Numerous Bassmaster tournaments have been held in coastal fisheries of Louisiana, including four Bassmaster Classic world championships in the Louisiana Delta out of New Orleans between 1999 and 2011. However, B.A.S.S. announced last year it would no longer schedule professional tournaments in Louisiana tidewaters where anglers risk being arrested for fishing what appear to be and have historically been public waterways. State law does not currently require the waters be posted against trespassing.

In a Bassmaster Elite Series tournament to be held April 6-9 on the Sabine River out of Orange, Texas, Louisiana waters have been declared off-limits to anglers, said Trip Weldon, B.A.S.S. tournament director.

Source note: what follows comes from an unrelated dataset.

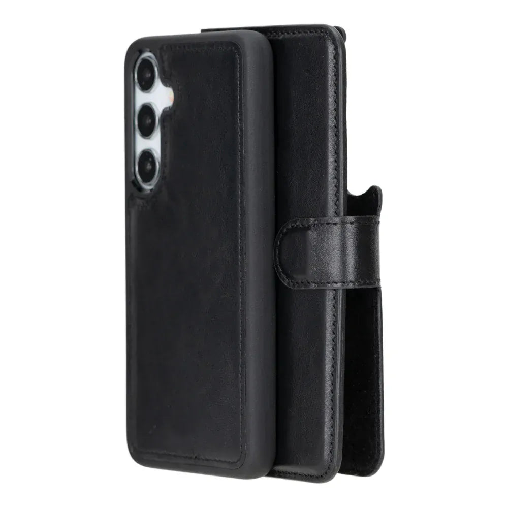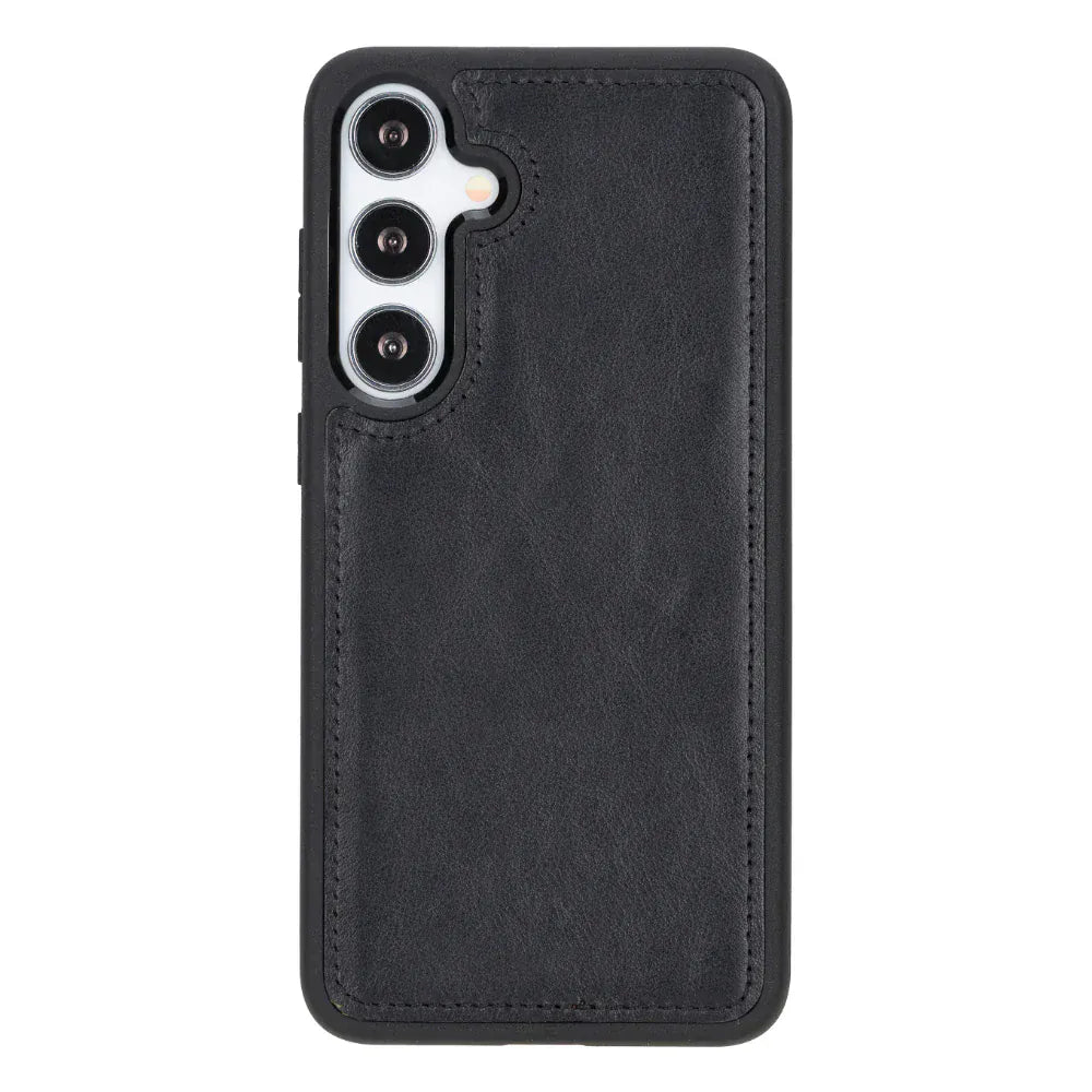This genuine leather case offers style and protection for your Samsung Galaxy S25 Plus. It includes card slots, RFID security, and supports wireless charging, making it both practical and elegant
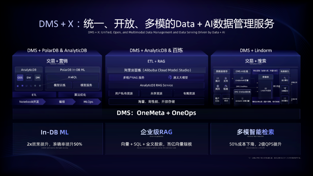 在今年9月的云栖大会上,阿里云瑶池数据库重磅发布“DMS+X:统一、开放、多模的Data+AI数据管理服务”。该平台通过OneMeta和OneOps两大创新,简化了数据管理与AI开发,实现DMS+X一站式的Data+AI全生命周期管理。在DMS+X之上,阿里云将助力企业数据以最快的速度拥抱AI,落地业务,产生价值。

He noted that in previous Elite tournaments on the Sabine, some anglers practiced in waters they thought were public, only to find them closed when competition began. In addition, anglers in the Bassmaster Central Open on the Sabine River last June were informed on the eve of competition they could not enter a large section of tidewaters where many had planned to fish.

Gilliland said B.A.S.S. supports efforts by the Louisiana Sportsman’s Coalition to update the state’s antiquated definitions of land ownership and navigable waters, and it has urged B.A.S.S. members in Louisiana — as well as those who travel from out of state to fish in the “Sportsman’s Paradise” — to support passage of the HB 391. “This bill is a start in the right direction,” he said.

Pearson’s bill states, “The running waters of the state and the wild aquatic life inhabiting those waters are and remain the property of the state and, as such, title and ownership remain unchanged whether the running waters flow over public or private water bottoms.” It also would prohibit anyone from restricting or prohibiting the “public navigation of running waters which are navigable by a motorboat.”

In addition, it would protect private property along the canals and other channels from damage by boaters.